---
title: "IS5 in R: Comparing Counts (Chapter 19)"
author: "Nicholas Horton (nhorton@amherst.edu)"
date: "December 17, 2020"
output: 
  pdf_document:
    fig_height: 3
    fig_width: 5
  html_document:
    fig_height: 3
    fig_width: 5
  word_document:
    fig_height: 4
    fig_width: 6
---


```{r, include = FALSE}
# Don't delete this chunk if you are using the mosaic package
# This loads the mosaic and dplyr packages
library(mosaic)
library(readr)
library(janitor)
```

```{r, include = FALSE}
# knitr settings to control how R chunks work.
require(knitr)
opts_chunk$set(
  tidy = FALSE, # display code as typed
  size = "small" # slightly smaller font for code
)
```

## Introduction and background 


## Chapter 19: Comparing Counts

```{r}
library(mosaic)
library(readr)
library(janitor)
Zodiac <- read_csv("http://nhorton.people.amherst.edu/is5/data/Zodiac.csv")
```

By default, `read_csv()` prints the variable names.

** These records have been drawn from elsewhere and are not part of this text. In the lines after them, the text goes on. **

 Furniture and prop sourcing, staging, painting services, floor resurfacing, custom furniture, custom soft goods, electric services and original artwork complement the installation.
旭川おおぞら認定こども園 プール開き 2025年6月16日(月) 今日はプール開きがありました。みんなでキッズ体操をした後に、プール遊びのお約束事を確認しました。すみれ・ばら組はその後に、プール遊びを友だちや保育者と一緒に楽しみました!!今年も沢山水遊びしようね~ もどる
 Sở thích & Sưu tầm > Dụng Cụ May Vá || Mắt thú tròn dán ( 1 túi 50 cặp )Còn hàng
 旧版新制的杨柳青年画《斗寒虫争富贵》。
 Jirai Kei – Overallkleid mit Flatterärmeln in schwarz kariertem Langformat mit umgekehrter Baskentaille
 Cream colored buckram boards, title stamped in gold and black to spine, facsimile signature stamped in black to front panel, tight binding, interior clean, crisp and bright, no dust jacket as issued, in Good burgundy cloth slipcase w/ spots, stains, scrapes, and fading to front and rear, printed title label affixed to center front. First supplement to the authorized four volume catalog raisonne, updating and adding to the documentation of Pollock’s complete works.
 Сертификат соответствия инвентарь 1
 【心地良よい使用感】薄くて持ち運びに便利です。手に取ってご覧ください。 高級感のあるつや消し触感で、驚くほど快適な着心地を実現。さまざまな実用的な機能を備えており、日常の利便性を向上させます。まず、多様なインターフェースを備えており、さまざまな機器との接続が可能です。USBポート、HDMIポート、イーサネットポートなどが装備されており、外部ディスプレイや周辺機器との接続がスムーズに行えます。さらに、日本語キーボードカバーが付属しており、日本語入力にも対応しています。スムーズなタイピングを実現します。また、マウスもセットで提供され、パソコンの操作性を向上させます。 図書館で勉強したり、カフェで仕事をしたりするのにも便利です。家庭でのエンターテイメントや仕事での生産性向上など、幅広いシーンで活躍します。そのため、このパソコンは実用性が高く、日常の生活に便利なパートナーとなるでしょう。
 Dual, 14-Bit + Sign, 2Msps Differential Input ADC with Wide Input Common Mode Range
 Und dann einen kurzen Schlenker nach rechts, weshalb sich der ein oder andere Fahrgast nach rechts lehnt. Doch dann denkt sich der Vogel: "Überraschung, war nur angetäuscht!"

These messages can be suppressed using the `message=FALSE` code chunk option to save space and improve readability.  

```{r}
Zodiac %>%
  select(Month, Births)
```

### Section 19.1: Goodness-of-Fit Tests

#### Example 19.1: Finding Expected Counts

```{r message = FALSE}
# page 611
BaseballBirths <- read_csv("http://nhorton.people.amherst.edu/is5/data/Ballplayer_births.csv") %>%
  janitor::clean_names() # doesn't contain national birth %
```

Here we use the `clean_names()` function from the `janitor` package to sanitize the names of the columns (which would otherwise contain special characters or whitespace). 

```{r}
natbirth <- c(.08, .07, .08, .08, .08, .08, .09, .09, .09, .09, .08, .09)
BaseballBirths <- cbind(BaseballBirths, natbirth) # adding a column for national birth %
totaln <- sum(~ballplayer_count, data = BaseballBirths)
totaln
BaseballBirths <- BaseballBirths %>%
  mutate(
    expected = totaln * natbirth,
    observed = ballplayer_count,
    contrib = (observed - expected)^2 / expected
  )
sum(~contrib, data = BaseballBirths)
```

#### Assumptions and Conditions

#### Calculations

#### Chi-Square P-values

```{r}
# Examples of chisq p-values
qchisq(df = 2, p = .1, lower.tail = FALSE)
qchisq(df = 10, p = .05, lower.tail = FALSE)
```

#### Example 19.3: Doing a Goodness-of-Fit Test

```{r}
# page 614
df <- nrow(BaseballBirths) - 1
df
chisq <- sum(~contrib, data = BaseballBirths)
xpchisq(q = chisq, df = df, lower.tail = FALSE)
```

#### Step-By-Step Example: A Chi-Square Test for Goodness-of-Fit

```{r warning = FALSE}
expected <- mean(~Births, data = Zodiac)
expected
gf_col(Births ~ Month, data = Zodiac) %>%
  gf_hline(yintercept = expected) %>%
  gf_labs(x = "Sign", y = "Count") +
  theme(axis.text.x = element_text(angle = 30, hjust = 1)) # to adjust the angle of the x axis labels
```

```{r}
# Mechanics
df <- nrow(Zodiac) - 1
df
Zodiac <- Zodiac %>%
  mutate(chisq = ((Births - Expected)^2) / Expected)
chisq <- sum(~chisq, data = Zodiac)
chisq
xpchisq(q = chisq, df = df, lower.tail = FALSE)
```

#### The Chi-Square Calculation

```{r}
Zodiac %>%
  mutate(residsq = Residual^2) %>%
  mutate(component = residsq / Expected)
```

#### The Trouble with Goodness-of-Fit Tests: What's the Alternative?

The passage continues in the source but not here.